The official training begins this weekend and runs every other weekend until December–graduation weekend is also my birthday weekend–and we had orientation two weeks ago. I definitely planned my outfit for orientation (I just wore knee-length shorts and a T-shirt that has a neat design, and if complimented on it, I can say, “My friend bought it in Thailand and it ended up being too small for her, so she gave it to me!”, but it was painstakingly planned.) and started my required reading months beforehand. It was all very first day of school-esque, minus the usual anxiety attack I had without fail on every first day from 6th to 12th grades. I was nervous, but also excited and not vomiting, which made for a much more positive experience this time around.

The training is structured so that the students are broken up into groups led by mentors (veteran teachers), and further divided into buddies. The mentors are kept top-secret until the reveal at the orientation, and the buddies are matched up according to the application essays we all wrote, which included questions like “What is your yoga experience?” and “What are your favorite books?” I stayed pretty far from the Greek system at my small college, but it was omnipresent enough that I noticed that the mentors and the reveal were a little like the big sisters/brothers assigned to rushees (except that I’m not obligated to make posters that say “[Mentor name] is the cat’s meow!” and hang them on his apartment door). And the buddy match-up was just like roommate assignments, which really made me hope that I wouldn’t end up with someone like the girl who sketched fetuses in frying pans (Nine years later, I’m still a bit freaked out about that, even given my current line of work.) and who greeted me in the hall outside our dorm room saying, “OK, don’t freak out, they’re leaving your stuff alone, but the cops are searching our room.”

I went into the orientation nervous and sweating, as I am wont to do, sizing up the group for who might be my potential matches and trying to remember names and relevant factoids as we did introductions, and thankful that I recognized a friend from classes. (We both joked about the similarity to a high school cafeteria.) And I managed to relax a little bit as we broke into mentor groups–my mentor ended up being one of my favorite teachers and favorite people (He, too, was bursting with excitement) and my buddy was someone I’d seen in class who mentioned making a documentary about her grandparents’ happy marriage, and made no allusions to frying fetii. And after our brief meeting, she gave me a hug and said, “I’m so excited that we get to be buddies.”
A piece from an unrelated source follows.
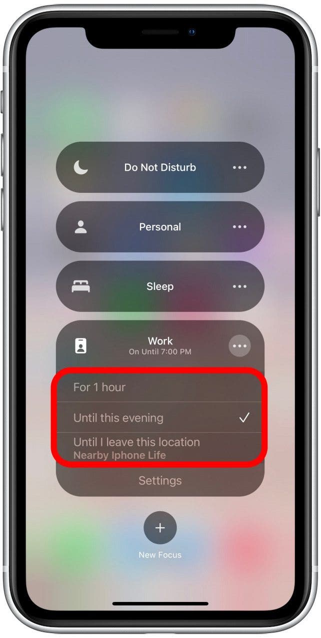 - From here, tap to select whether you want notifications to be blocked for one hour, until this evening, or until you leave your current location.
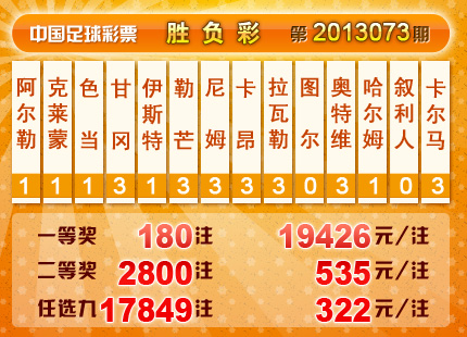 �����й������Ʊ��13073�ڿ���������һ�Ƚ� 180ע��ÿע 19426Ԫ�����Ƚ� 2800ע��ÿע 535Ԫ���������� 7,805,254Ԫ����ѡ9������������һ�Ƚ� 17849ע��ÿע 322Ԫ���������� 8,994,800Ԫ��

And when the orientation was over, after our “grug” (It’s a group in a hug! It’s a grug!), I couldn’t stop hugging my mentor, and my buddy and I agreed to connect on Gmail as soon as possible. I bid my goodbyes to my new classmates and sought out other teachers I knew who were serving as mentors and they ran to me and hugged me, gushing about their excitement. I’m still far from a sorority girl, but I also feel a little bit further away from my anxious middle school self. After the orientation, I could genuinely say that I was excited (not just scared, as per usual) about something new and unknown. I’m looking forward to spending 18 hours of this weekend with these new people, and this time next year, maybe I’ll be the big sister/mentor.